6 Hunting Gear Items You Will Need to Get Started in Turkey Hunting
Like most any kind of outdoor pursuit, turkey hunting can be as simple or as complicated as you want to make it. If you’re just getting started, you’re best off keeping your gear simple and concentrating on learning the terrain and the birds. After all, the old saying is undeniably true – “You don’t have to be a great turkey caller if you know where the birds will go and you’re waiting for them when they get there!”

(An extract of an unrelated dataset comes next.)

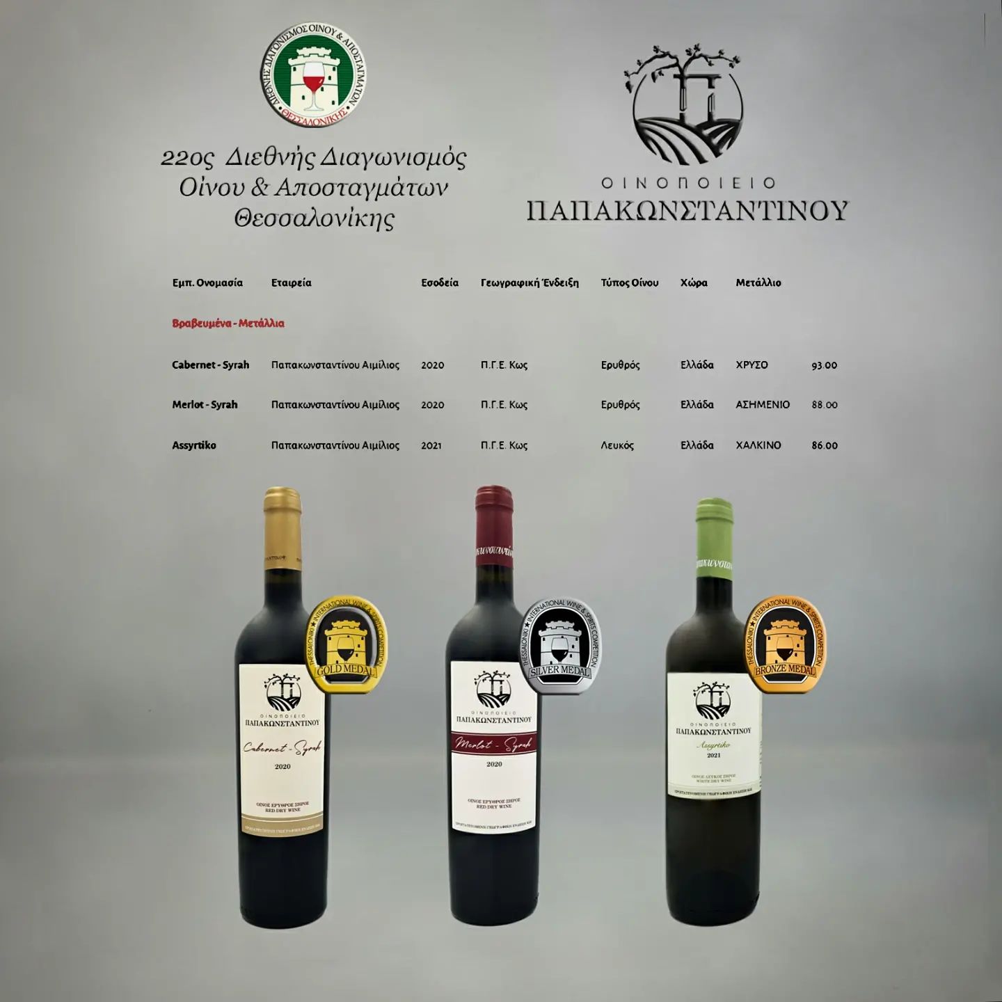 Το οινοποιείο Παπακωνσταντίνου από την Κω, κέρδισε 3 μετάλλια, επιβεβαιώνοντας για μια ακόμη φορά, την υψηλή ποιότητα του Κωακού κρασιού και την ποιοτική επεξεργασία στο οινοποιείο Παπακωνσταντίνου.

If this will be your first turkey season, we are jealous! You have so much excitement and adventure ahead of you! It really doesn’t take a lot of gear to get started and have a good chance at taking that first gobbler. We’re going to assume you own or can borrow a shotgun, but beyond that here are 9 basic items that will boost your odds of success without making turkey hunting complicated or costly:
1. Turkey Friction Calls - The Easiest-to-Learn
The simplest, most realistic, easiest-to-learn style of call is a turkey box call. With it, you make the sounds of a hen turkey by sliding the wooden paddle across the wooden wall of the box to which it’s attached. With some personal or video instruction (search YouTube; it’s loaded with box calling instructional videos) you’ll learn to make realistic calls in just a few minutes.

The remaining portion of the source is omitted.